- [What you need to do] Copy out the data exactly, leaving the pictures behind.

- [Data shown]
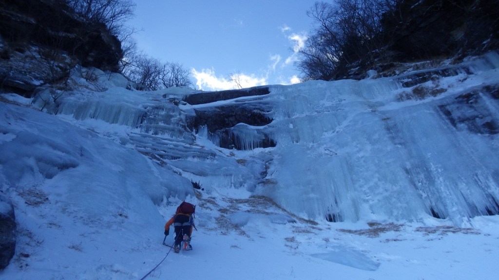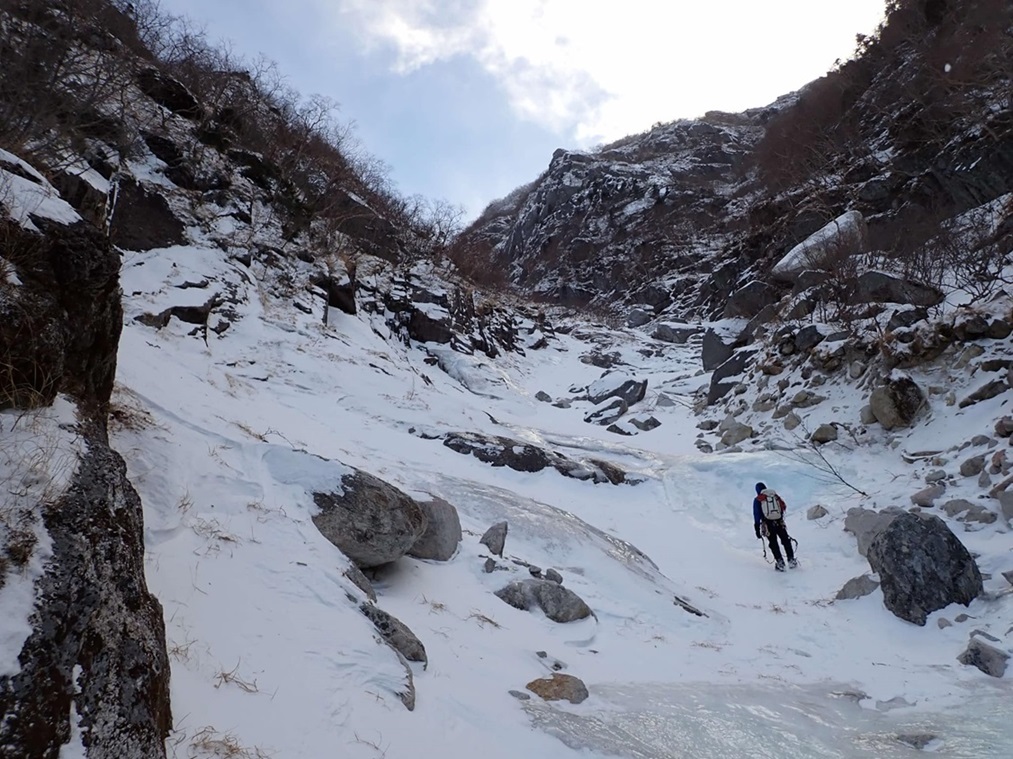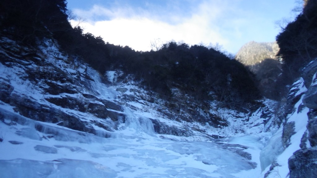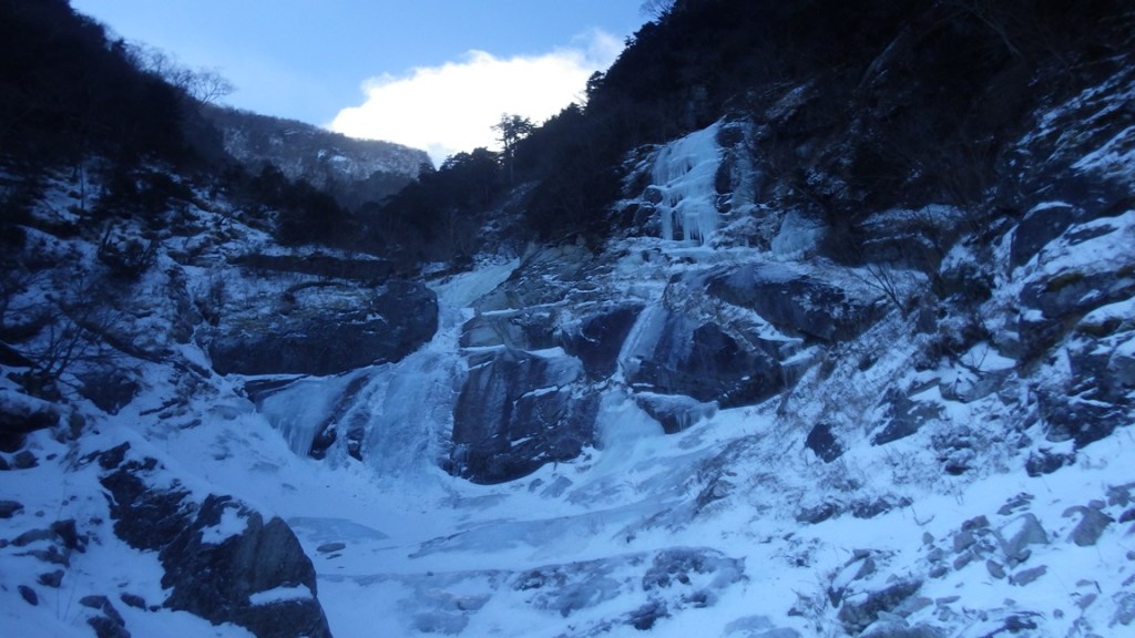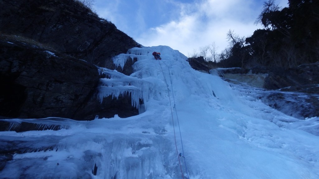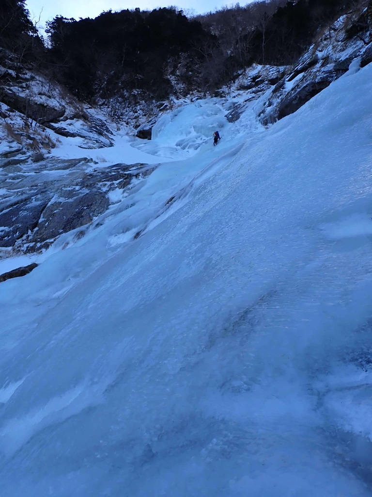 ・ロープは大滝60m(Yさんリード、60m1ピッチでは少し足りず残り少しを山宮が先に登り肩絡みビレイでYさんを確保。)、幅広20m滝(山宮リード、左端の傾斜の緩いところを登る)で出しました。
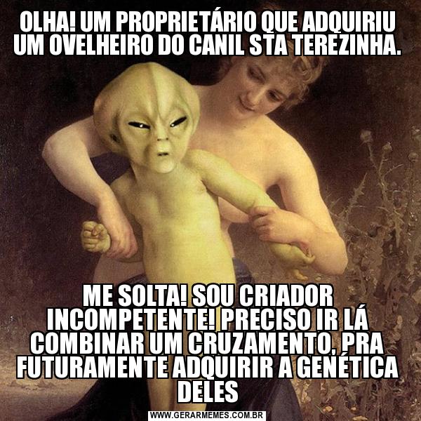 OLHA! UM PROPRIETÁRIO QUE ADQUIRIU UM OVELHEIRO DO CANIL STA TEREZINHA. ME SOLTA! SOU CRIADOR INCOMPETENTE! PRECISO IR LÁ COMBINAR UM CRUZAMENTO, PRA FUTURAMENTE ADQUIRIR A GENÉTICA DELES
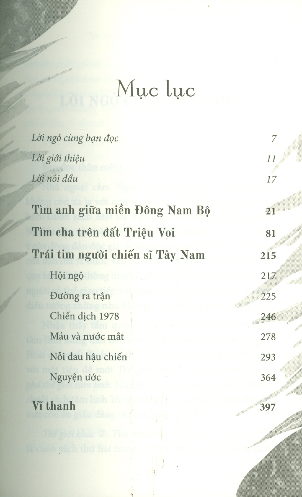 "Thế giới khác 2: Tìm nhau từ hai cõi âm – dương" là những minh chứng tiếp theo cho sự tồn tại của một thế giới tâm linh hiện diện qua từng con chữ. Thế giới tâm linh tồn tại. Thế giới ấy không phải là sự huyễn hoặc của tâm tưởng và niềm tin một chiều của con người, hay qua sự thêu dệt của dân gian, hay chỉ là lớp áo dày và trang trọng khoác bên ngoài các lễ nghi, tập tục như một văn hóa lâu đời của con người, bất chấp niềm tin và tư tưởng ngược chiều của con người vào vô thần và hữu thần.
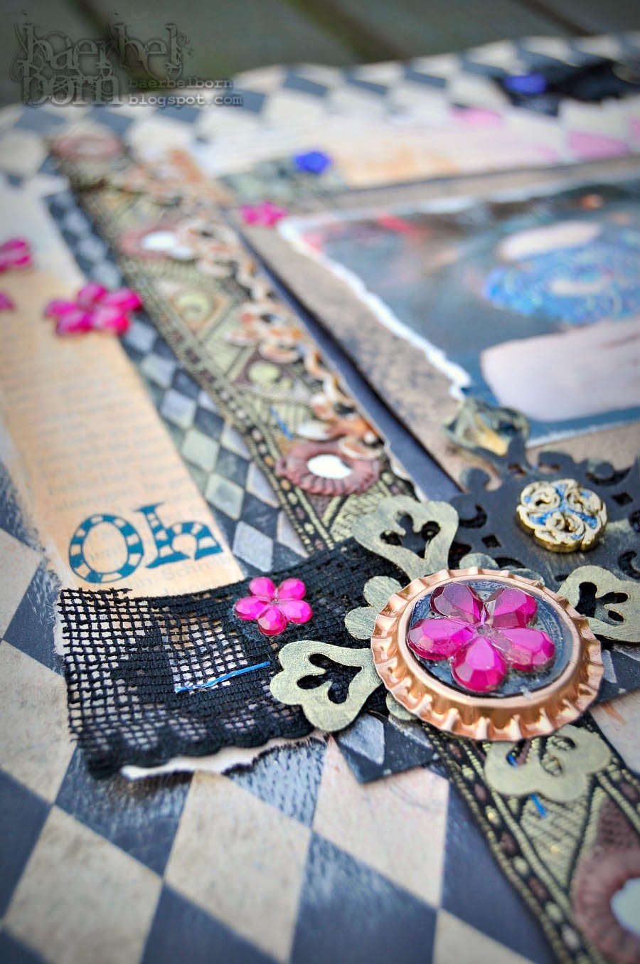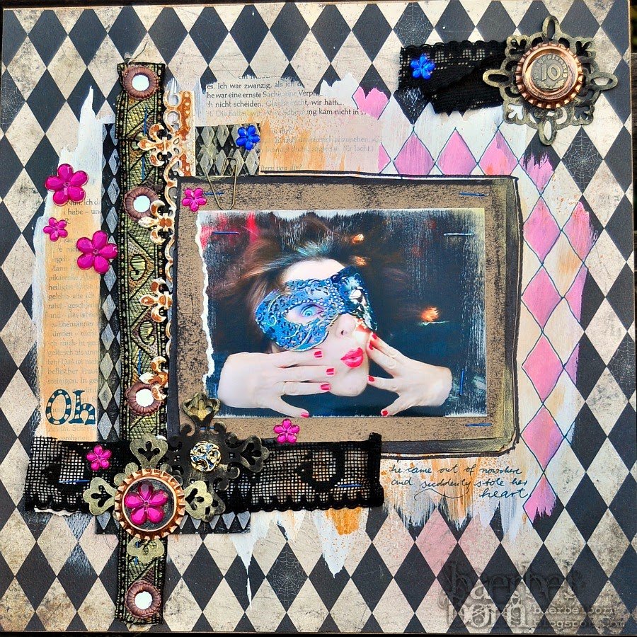 Karan hat außerdem für diese Runde ihrer Sketche das Oberthema „Mixed Media“ gewählt, darum kommen hier mehr und mehr Malfarben zu Einsatz. Ich habe das Hintergrundpapier und die aufgeklebten Buchseiten mit Gesso übermalt. Einige der Rauten wurden danach mit Wasserfarben coloriert.

- [Finished task]
 ・ロープは大滝60m(Yさんリード、60m1ピッチでは少し足りず残り少しを山宮が先に登り肩絡みビレイでYさんを確保。)、幅広20m滝(山宮リード、左端の傾斜の緩いところを登る)で出しました。
 OLHA! UM PROPRIETÁRIO QUE ADQUIRIU UM OVELHEIRO DO CANIL STA TEREZINHA. ME SOLTA! SOU CRIADOR INCOMPETENTE! PRECISO IR LÁ COMBINAR UM CRUZAMENTO, PRA FUTURAMENTE ADQUIRIR A GENÉTICA DELES
 "Thế giới khác 2: Tìm nhau từ hai cõi âm – dương" là những minh chứng tiếp theo cho sự tồn tại của một thế giới tâm linh hiện diện qua từng con chữ. Thế giới tâm linh tồn tại. Thế giới ấy không phải là sự huyễn hoặc của tâm tưởng và niềm tin một chiều của con người, hay qua sự thêu dệt của dân gian, hay chỉ là lớp áo dày và trang trọng khoác bên ngoài các lễ nghi, tập tục như một văn hóa lâu đời của con người, bất chấp niềm tin và tư tưởng ngược chiều của con người vào vô thần và hữu thần.
 Karan hat außerdem für diese Runde ihrer Sketche das Oberthema „Mixed Media“ gewählt, darum kommen hier mehr und mehr Malfarben zu Einsatz. Ich habe das Hintergrundpapier und die aufgeklebten Buchseiten mit Gesso übermalt. Einige der Rauten wurden danach mit Wasserfarben coloriert.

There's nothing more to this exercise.